Offline Multi-Agent Reinforcement Learning with Knowledge Distillation

Authors: Wei-Cheng Tseng, Tsun-Hsuan Johnson Wang, Yen-Chen Lin, Phillip Isola

NeurIPS 2022 | Conference PDF | Archive PDF | Plain Text | LLM Run Details

Reproducibility Variable Result LLM Response
Research Type Experimental We execute a series of experiments to evaluate whether the proposed method is effective at solving offline MARL problems. Specifically, our experiments seek to answer the following questions: first, does our method perform favorably against a wide range of existing approaches based on sequence modeling, imitation learning, and offline reinforcement learning (Section 4.1)? Specifically, we compare our method with model-free offline MARL methods based on TD-learning and MADT, a concurrent work that also solves MARL via sequence modeling. Next, we conduct careful ablation studies to evaluate the contribution of each component within our framework (Section 4.2). To test the sample efficiency of various approaches, we further show the performance of various methods when different numbers of demonstrations are provided (Section 4.4). Finally, we analyze the convergence rate (Section 4.5) and discuss the scalability (Section 5) of our method.
Researcher Affiliation Academia Wei-Cheng Tseng1, Tsun-Hsuan Wang2, Lin Yen-Chen2, Phillip Isola2 1University of Toronto, 2MIT CSAIL weicheng.tseng@mail.utoronto.ca, {tsunw,yenchenl,phillipi}@mit.edu
Pseudocode Yes Algorithm 1 Our Offline MARL
Open Source Code No The paper refers to a project website (https://weichengtseng.github.io/project_website/neurips22/index.html) for qualitative results, but does not explicitly state that the source code for their methodology is released or available at this link or elsewhere.
Open Datasets Yes The offline datasets for SMAC [35] are collected by running a policy trained with MAPPO [46]. We also provide more information about datasets in appendix C. [35] Mikayel Samvelyan, Tabish Rashid, Christian Schroeder de Witt, Gregory Farquhar, Nantas Nardelli, Tim G. J. Rudner, Chia-Man Hung, Philiph H. S. Torr, Jakob Foerster, and Shimon Whiteson. The Star Craft Multi-Agent Challenge. Co RR, abs/1902.04043, 2019.

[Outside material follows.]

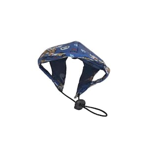 Esse boné está disponível no tamanho G e na cor azul. Para escolher o tamanho ideal para o seu pet, basta medir a circunferência da cabeça, a distância de orelha a orelha e da aba até a nuca.

Dataset Splits No The paper mentions collecting offline datasets and details training parameters in Appendix A, but it does not specify explicit training, validation, and test splits (e.g., percentages or sample counts) for reproducibility.
Hardware Specification No The paper does not provide specific hardware details (e.g., CPU/GPU models, memory, or cloud instance types) used for running the experiments.

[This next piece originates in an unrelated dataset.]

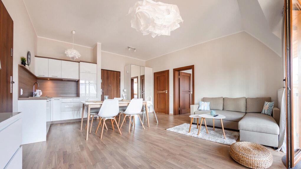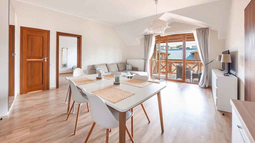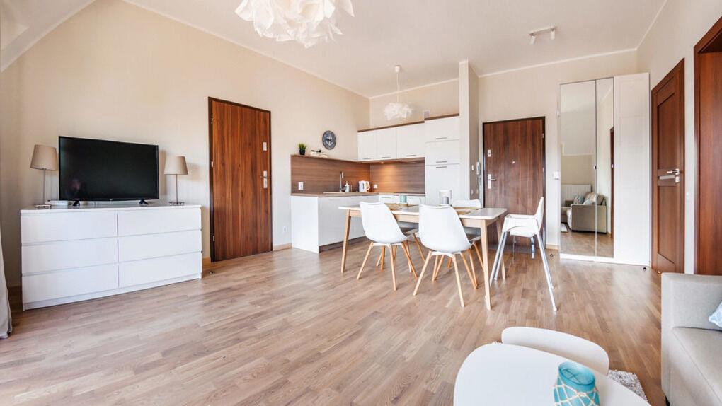 Zu den gewählten Apartments darf man mit dem Hund ankommen. Die zusätzlichen Kosten des Aufenthalts mit einem vierbeinigen Freund betragen 100 PLN (Einzelgebühr). Die Gäste, die den Aufenthalt mit dem Hund planen, bitten wir um eine frühere Kontaktaufnahme mit unserem Service im lokalen Büro.

Software Dependencies No The paper mentions using PPO [36] and MAPPO [46] for data collection and various baselines, but it does not provide specific version numbers for software dependencies or libraries used in the experiments.
Experiment Setup Yes In summary, the overall learning objective for agent i is Li total = Li action + αLi rel + βLi KL (4) where α and β are hyperparameters that determine the importance of the proposed policy distillation. ... We empirically found that setting e = 4 improves the convergence speed, but the converged performance is insensitive to e. ... For detail experimental setting about our approach and baselines, please refer to appendix A.